Well, this myth is at least partially true. However, your credit score does not need to be perfect, it just needs to be high enough to justify the amount of your mortgage. For example, FHA loans typically require a credit score of 500, while conventional loans need at least 650. A lot of factors determine your credit score. Payment history, revolving credit, available credit, and debt-to-income ratio are just some of the factors which determine your trustworthiness as a creditor. However, since the aforementioned factors are pretty hit or miss, a lot of mortgage lenders tend to consider outside factors as well. These factors include the steadiness of the applicant’s income and his general reputation in the local community, if relevant.
Myth No. 3: You need to make a large down payment.
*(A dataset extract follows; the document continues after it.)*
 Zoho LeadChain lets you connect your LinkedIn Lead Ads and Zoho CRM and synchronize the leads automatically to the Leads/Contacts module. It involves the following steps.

Although its true that larger down payments will result in lower monthly amortizations, you don’t need to make a large down payment. The fear of making a large down payment is understandable. Not everyone can afford to take out a huge part (if not the entirety of) their life savings to buy a house. There will always be bills to pay, so it’s also unwise to blow all your money without leaving an emergency fund for unexpected expenses.
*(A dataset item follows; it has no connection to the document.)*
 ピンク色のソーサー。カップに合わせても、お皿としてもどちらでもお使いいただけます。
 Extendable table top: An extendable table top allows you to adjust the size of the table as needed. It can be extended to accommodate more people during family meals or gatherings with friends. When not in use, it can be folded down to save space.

Some buyers don’t even need to put up the usual 20% down payment. To avoid the large expense, many of these buyers took advantage of government-sponsored financing programswhich significantly lower the amount of down payment required. You should definitely do a little more research on these programs if you want to learn more about low down payments. Nevertheless, do keep in mind that the lower down payment is, the larger the monthly amortization will be.
Myth No. 4: A 30-year fixed-rate mortgage is your best choice.
This type of mortgage may be the most popular, but it is certainly not the best under every circumstance. Spreading the payment over 30 years will make the monthly amortization more affordable. However, it will be more expensive after you consider the interest you need to pay off. Moreover, you might not even own the home for that long. A lot of buyers purchase their first home only to resell it several years later.
Myth No. 5: You need to stick with the lender that approved you.
This myth can be chalked up to basic human nature. After all, if someone shows trust in us, it is only natural that we reciprocate their trust. If you’re doing this with your lender, you are certainly playing nice but you’re not playing smart. The best thing to do is to keep searching and examine all your options before objectively deciding which lender is offering the best terms.